Lily and Janks are determined that their daughter Jewelee will have a different life. She’ll have a career, not a dead-end job. She’ll have savings, not debt. But precarious lives are easily upended. One wrong move throws the family into a situation in which the lines between right and wrong, hope and disappointment, are blurred.
Other Houses is a masterful and tender story about people who live from payday to payday. Acutely observed and lyrical, Paddy O’Reilly’s novel paints a haunting picture of class, aspiration and the boundaries we will cross for love.

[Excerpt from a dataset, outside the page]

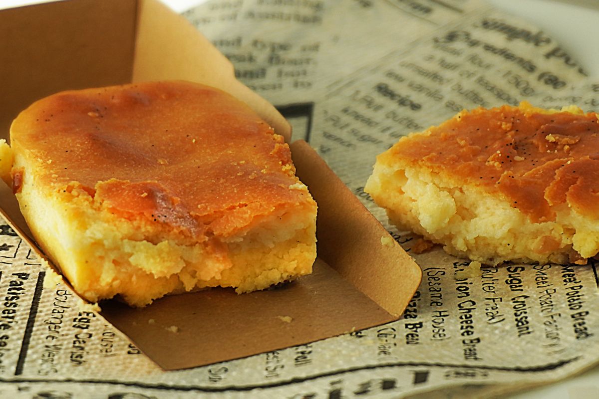 袋から取り出すと、表面が香ばしくきつね色に焼かれたチーズケーキが出てきました。
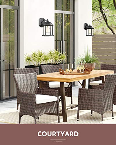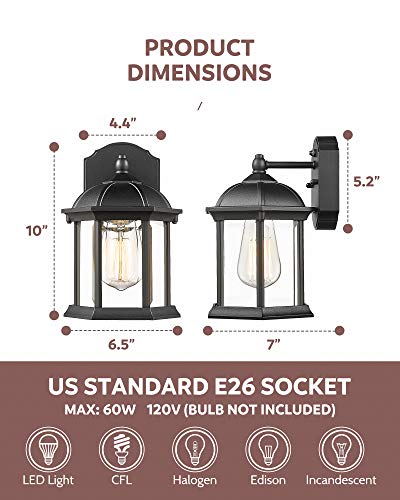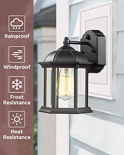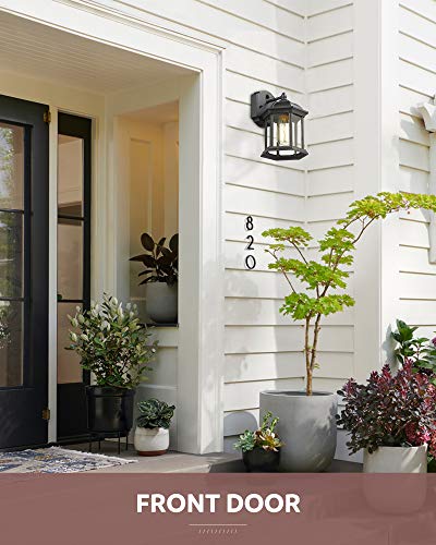 - A porch lighs features sturdy aluminum construction and clear glass in a black finish, Combining vintage and minimalist elements, also represent a gorgeous decoration with its classic design even in the daytime when the light is off. Ideal for the porch, garden, garage, entryway, balcony, doorway, hallway, pathway, street, and more application.

Paddy O’Reilly is an award-winning Australian author of novels and short stories including The Fine Colour of Rust and The Wonders. Her latest novel, Other Houses is an impressive read which takes you right into the heart of inner-city Melbourne, locations which will be familiar to many readers. It’s a beautifully local story, in which Lily and Janks struggle to make ends meet for their daughter Jewelee, and struggle to hold their relationship together.
Told from Lily and Janks’ alternating perspectives, Lily takes us into the houses she cleans across Melbourne, from the McMansions in the suburbs to the homes of the wealthiest people who will never trust the cleaner. Lily’s insight into their homes, lives and more makes for fascinating reading. O’Reilly deftly touches on relevant themes of class and economic divides.
O’Reilly’s style is wonderfully sparse – this is another novel that forgoes quotation marks. The narration and dialogue are both amusing and touching, with a small but charming cast of characters. I highly recommend this novel to anyone who enjoys interesting local stories that vividly paint characters and settings.